Ci sono, tuttavia, numerose perplessità che non convincono ancora gli scienziati che osservano da lontano l’avvento di questa grande innovazione: in primis c’è la poco chiara correlazione tra liquido lacrimale e concentrazione ematica di glucosio; inoltre non vanno sottovalutati alcuni fattori, per esempio piccole irritazioni dell’occhio o scarsa lacrimazione, che possono alterare i risultati forniti dal sensore.

Alla Alcon, il ramo oculistico della Novartis, assicurano che ci si trova ancora nelle primissime fasi di sviluppo e ancora c’è molto da migliorare.

In effetti non si tratta della prima volta che si tenta di soppiantare il tanto antico quanto efficace metodo di misurazione della glicemia tramite micro-puntura su polpastrello, introdotto oltre 30 anni fa. In tal senso i ricercatori sono piuttosto interessati ai liquidi secreti dalle ghiandole e non solo: la NovioSense sta sfruttando, come la Novartis e Google, il liquido lacrimale per i suoi device; la Farmington, invece, sta studiando metodi di rilevazione della glicemia tramite la saliva; Apple pare stia lavorando per implementare un sensore in grado di misurare la glicemia tramite il proprio smartwatch; e ancora altre aziende hanno tentato con tanti altri metodi, tra cui l’analisi dell’aria espirata o la spettroscopia a infrarossi, che tuttavia hanno riportato dati incoerenti e, per questo motivo, fallimentari.

Per quanto riguarda l’occhio, invece, altre patologie si stanno servendo di approcci basati sull’utilizzo di lenti a contatto: un’altra azienda svizzera, la Sensimed, ha sviluppato una lente a contatto in grado di misurare la pressione oculare in soggetti affetti da glaucoma, mentre gli scienziati del Massachusetts General Hospital di Boston stanno mettendo a punto un’altra lente capace di rilasciare gradualmente farmaci antinfiammatori per periodi di tempo fino a 30 giorni.

Ma tornando al progetto Google, Alcon ipotizza e si augura che il proprio gioiello – prodotto in collaborazione con il colosso di Mountain View – possa essere utilizzato anche per la correzione dei deficit visivi del paziente (in particolare la presbiopia), così come avviene con le attuali lenti a contatto: i ricercatori stanno sviluppando un sistema che permetta di modificare il diametro della lente sulla base delle informazioni luminose ricevute da un sensore a foto-diodi.

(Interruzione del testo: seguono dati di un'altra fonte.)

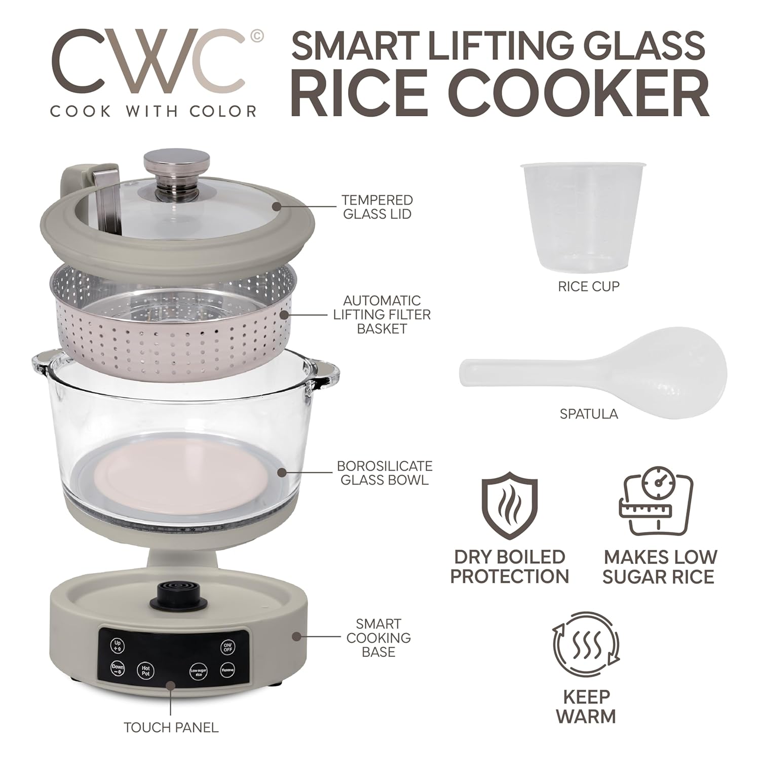 COOK WITH COLOR 3L Glass Low Carb Rice Cooker - Makes 6 Cups Cooked Low Sugar Rice with Auto Lift Filter Basket, Hotpot & Steamer for Rice, Grains and Oats, Digital Panel with Keep Warm, Sand
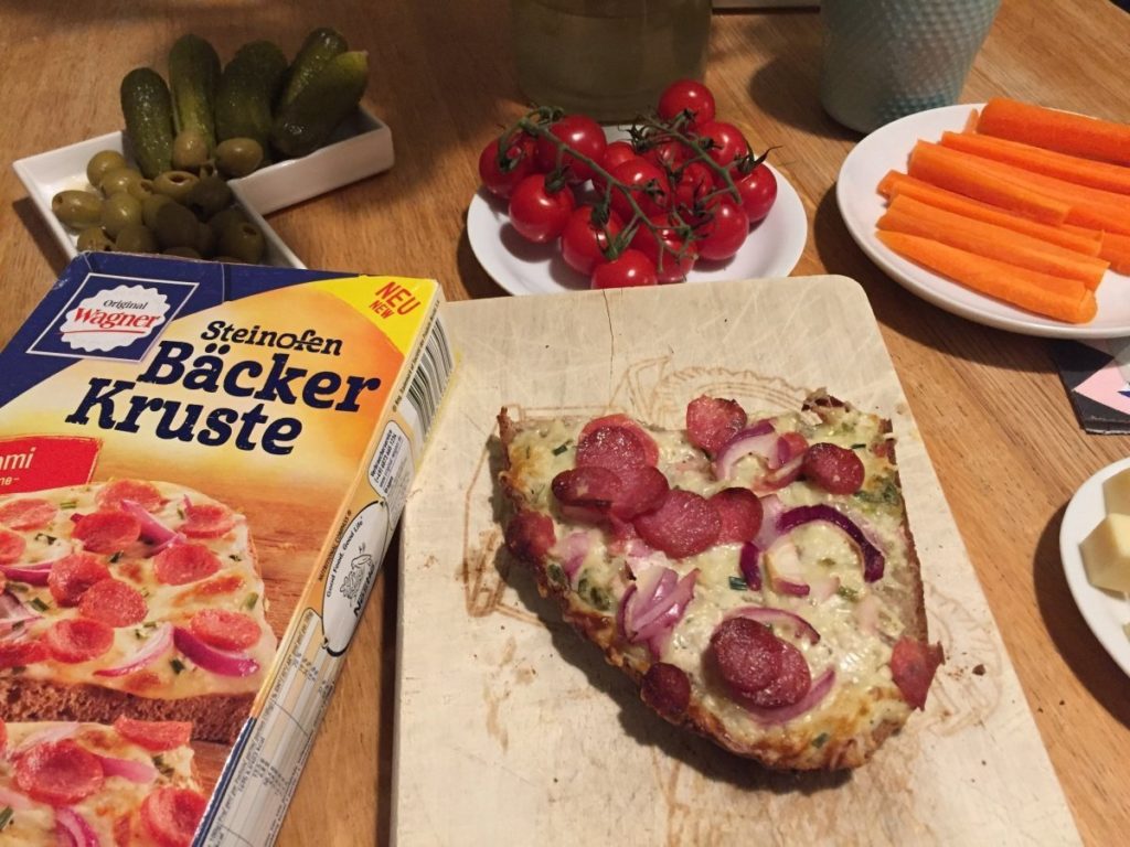 Die Bäckerkruste gibt es mit Schinken, mit Salami oder fleischlos in der Tomate-Käse-Variante. Unsere Kinder sind sich in diesem Falle aber mal einig: Es muss die mit Salami sein. Wie einfach kann so ein Abendessen sein?

Un’ipotesi tanto fantascientifica quanto affascinante che potrebbe essere messa in atto anche in ambito chirurgico con lo sviluppo di una lente intraoculare simile a quella che viene attualmente impiantata per la cura della cataratta.

Il grande topic del XXI secolo, il benessere, è quindi diventato uno degli obiettivi principali di società apparentemente lontane da questo universo ma che, tuttavia, sono in grado di investire ingenti quantità di denaro.
E se fino al secolo scorso tutto ciò era ottimo materiale per i migliori film di fantascienza, nei prossimi anni potrebbe essere invece una realtà consolidata al servizio del benessere e del miglioramento della qualità di vita.